*AVAILABLE DATA*
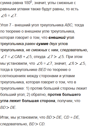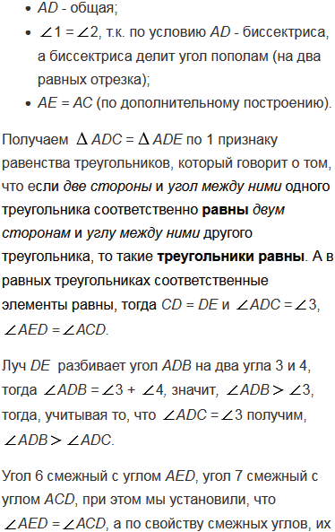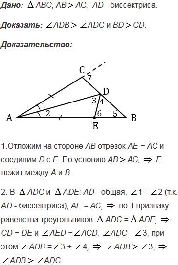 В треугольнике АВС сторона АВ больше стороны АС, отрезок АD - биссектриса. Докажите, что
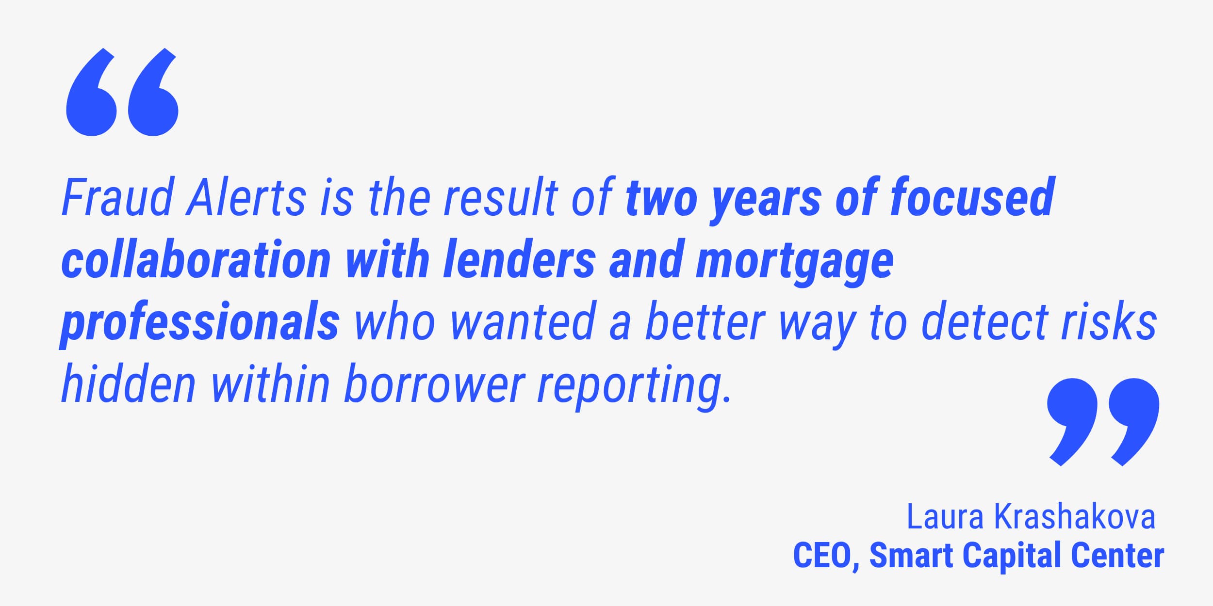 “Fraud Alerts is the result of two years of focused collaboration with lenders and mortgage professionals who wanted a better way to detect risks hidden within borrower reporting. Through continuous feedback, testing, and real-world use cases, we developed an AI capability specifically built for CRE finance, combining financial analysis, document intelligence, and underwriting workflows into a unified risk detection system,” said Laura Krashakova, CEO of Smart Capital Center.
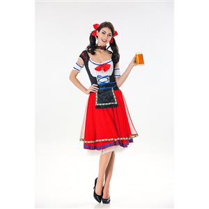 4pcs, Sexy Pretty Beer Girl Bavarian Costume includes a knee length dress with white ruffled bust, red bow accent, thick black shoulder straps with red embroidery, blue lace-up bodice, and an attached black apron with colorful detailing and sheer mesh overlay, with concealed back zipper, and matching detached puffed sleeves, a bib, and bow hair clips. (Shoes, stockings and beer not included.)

*WHAT IS NEEDED*
Please write out all the data again word for word, but not the pictures.

*EXERCISE RESPONSE*
 В треугольнике АВС сторона АВ больше стороны АС, отрезок АD - биссектриса. Докажите, что
 “Fraud Alerts is the result of two years of focused collaboration with lenders and mortgage professionals who wanted a better way to detect risks hidden within borrower reporting. Through continuous feedback, testing, and real-world use cases, we developed an AI capability specifically built for CRE finance, combining financial analysis, document intelligence, and underwriting workflows into a unified risk detection system,” said Laura Krashakova, CEO of Smart Capital Center.
 4pcs, Sexy Pretty Beer Girl Bavarian Costume includes a knee length dress with white ruffled bust, red bow accent, thick black shoulder straps with red embroidery, blue lace-up bodice, and an attached black apron with colorful detailing and sheer mesh overlay, with concealed back zipper, and matching detached puffed sleeves, a bib, and bow hair clips. (Shoes, stockings and beer not included.)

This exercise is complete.